雑誌やテレビで著名な人物の体験談が取り上げられ、製薬会社のキャンペーンなどで正しい情報がインターネットを介してアクセスしやすくなった。そして書店にも多くの関連書籍が並ぶようになり、正しい理解を促す環境は日々整いつつある。しかしその一方で、頑固だったりクセがあったりする人に対して「あいつはアスペだから」というような無知や偏見に基づいた使われ方も現実の世界、インターネット上を問わず散見する。実際のところ社会がこれらの性質をもつ人々を正しく捉えられるようになるまで、まだしばらく時間を要しそうなのだが、本書はそんな現状に一石を投じ、現状を正しく捉える一助になりえるだろう。

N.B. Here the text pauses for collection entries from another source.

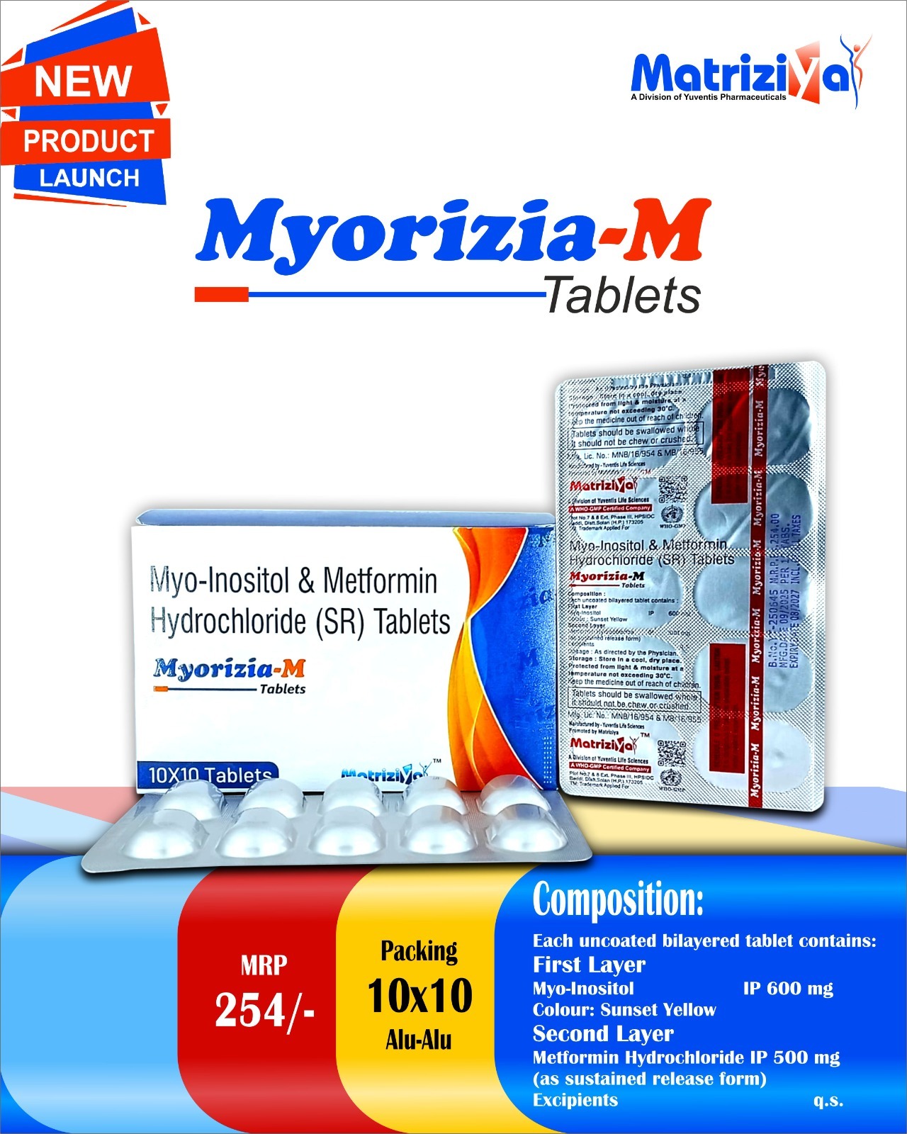 Myorizia M Tab | 10*10 | Myo-Inositol USP 600mg + Metformin HCL I.P. 500mg (SR) Tablets | Details |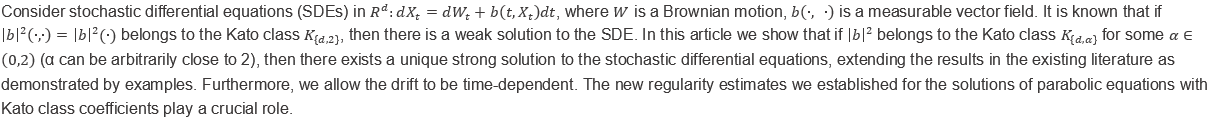 讲座 | Strong existence and uniqueness of solutions of SDEs with time dependent Kato class coefficients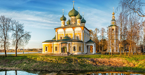 Углич – один из древнейших городов России, вошедший в Московское княжество в XIV веке. Здесь находится Кремль и церковь Царевича Дмитрия, в которой выставлена уникальная фреска XVIII века, рассказывающая о трагической гибели царского сына. Также интересен Спасо-Преображенский собор и Богоявленский монастырь.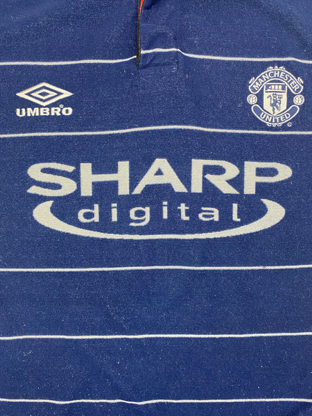 INFO – Away shirt as worn as Man Utd retained the Premier League, finishing 18 points ahead of Arsenal and setting a new record of 97 goals scored. Players in the squad included Beckham, Cole, Giggs, Keane, Yorke, Stam

本書は600ページを超えるぶ厚い大作だ。新書版であるブルーバックスの他のタイトルは200ページ台後半から300ページ前半が多い中、この『自閉症の世界 多様性に満ちた内面の真実』はかなりの存在感を示している。それだけのボリュームをもって語られる、「自閉症」にまつわる時を越えた物語は、様々な登場人物の想いや思惑が絡まりあって複雑化していた「ファクト」を俯瞰で捉え、ひとつひとつ丁寧に解きほぐしたドキュメンタリーに仕上がっている。
・先駆者アスペルガーとカナー
このドキュメンタリーは、オーストリアの小児科医ハンス・アスペルガーとアメリカの精神科医レオ・カナーに端を発する自閉症の研究を主軸に話が進んでいく。

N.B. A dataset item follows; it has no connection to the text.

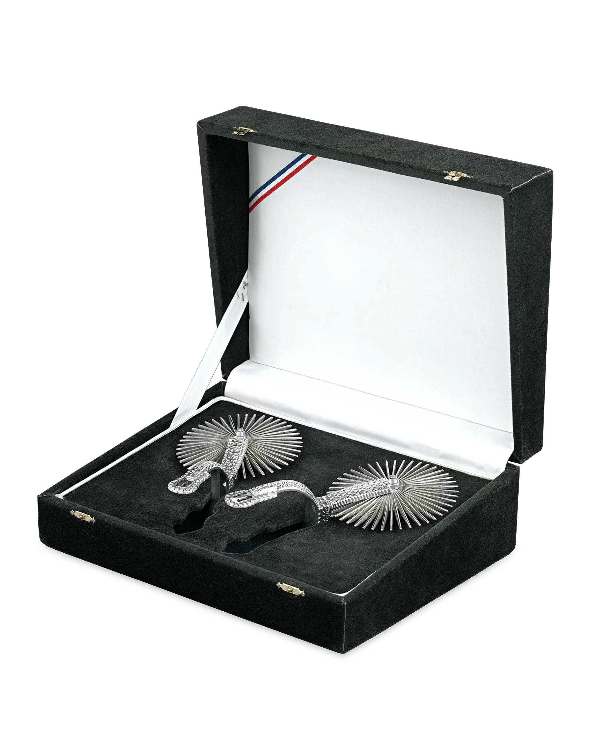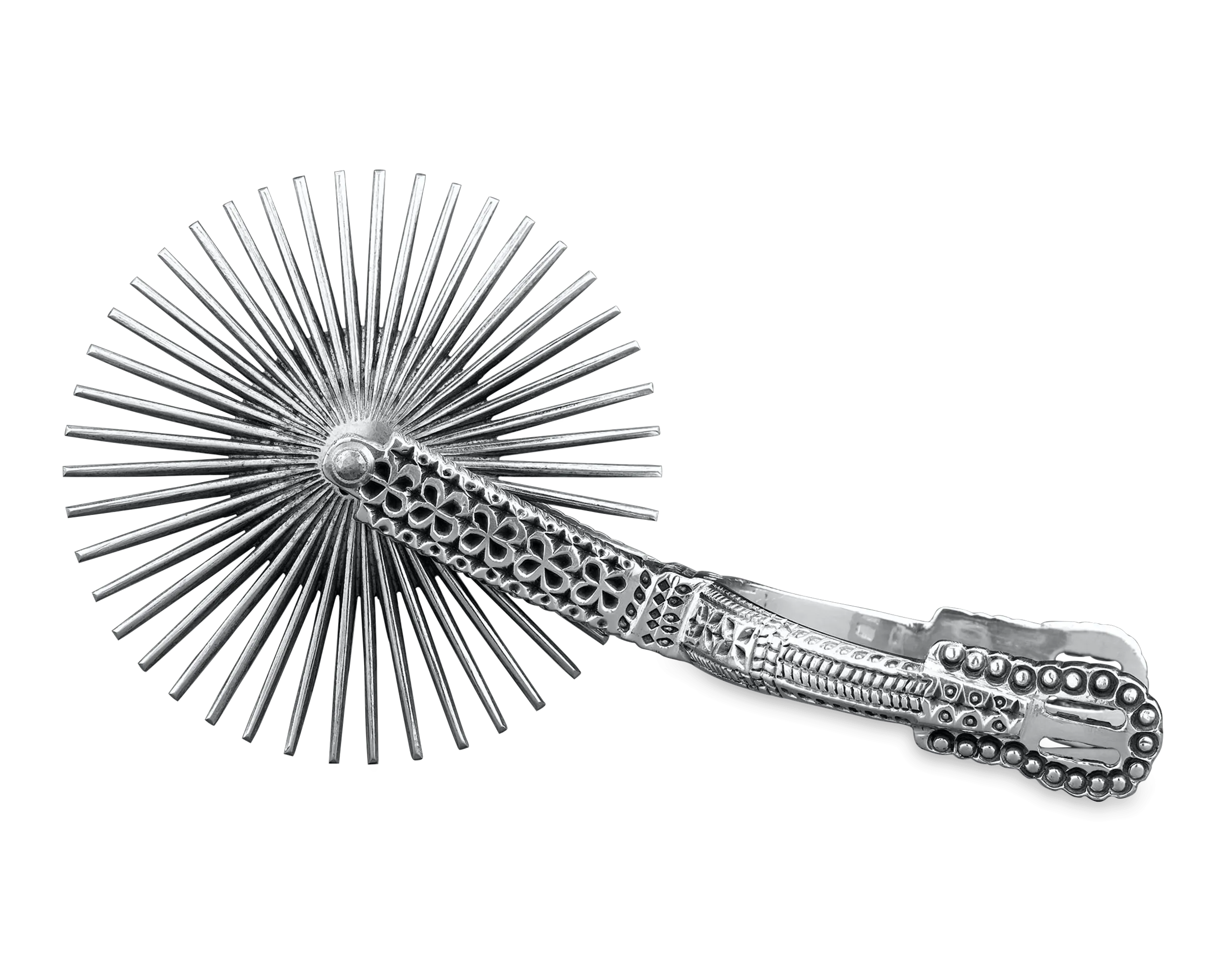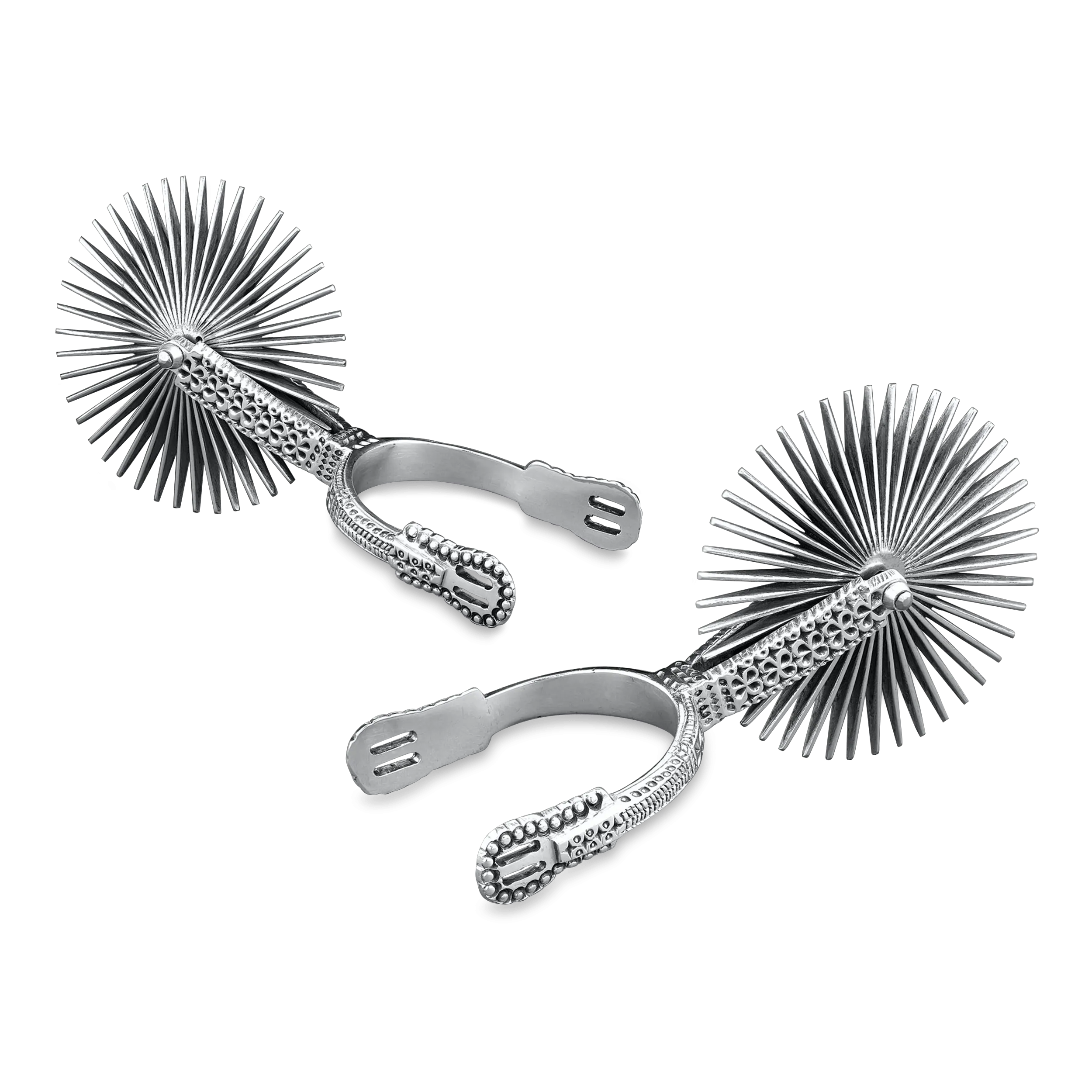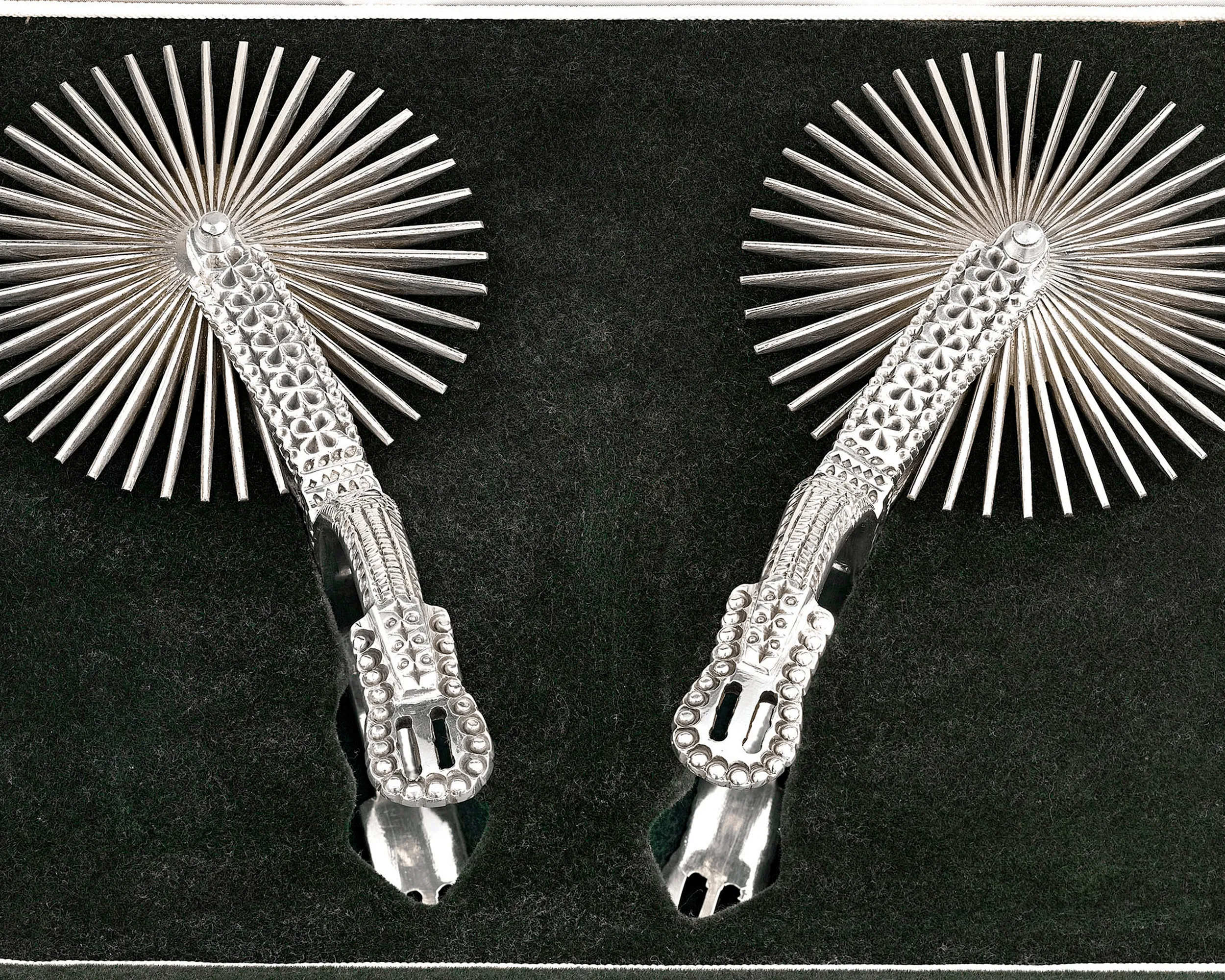 This rare and authentic pair of Chilean spurs is stunning to behold. Traditionally worn by huasos, or Chilean cowboys, these silvered steel spurs, or espuelas, were given by Chile's ambassador to the French ambassador in the late 19th century. Exhibiting exceptional decoration, these spurs are distinguished by the number of spokes they possess, and by the wonderful “singing” sound they produce when spun. Housed in their original presentation case, these intriguing pieces are extraordinary examples of South American artistry.

ひとりは第2次世界大戦開戦前のオーストリアにて自身の患者である子どもたちを注意深く観察し研究を重ねていく課程で、自閉症に注目したハンス・アスペルガー。
小児科医である氏は自閉症の性質をもつ子ども達に対し、その類い稀なる能力を認めて「小さな教授」と呼びんだ。そして子ども達が自分の能力を再発見できる場所を用意し、「子どもの生まれ持った能力、その子の性格の変えられる部分、異常な行動の原因を明らかにして、どうすることがその子自身の幸せにつながり、心を安定させるのか、家庭や社会の中での居場所を見つけることになるのか、そしてその子の目標や夢と、それを実現する術を見いだせるのか発見すること」を主眼に置き、真摯に患者と向き合い、研究と治療を行っていた。
そして自閉症が珍しいものではなく、すべての年齢グループに見られ、幅広い状態を含む症例であるといった「自閉症スペクトラム」の基本的な考え方を見いだした。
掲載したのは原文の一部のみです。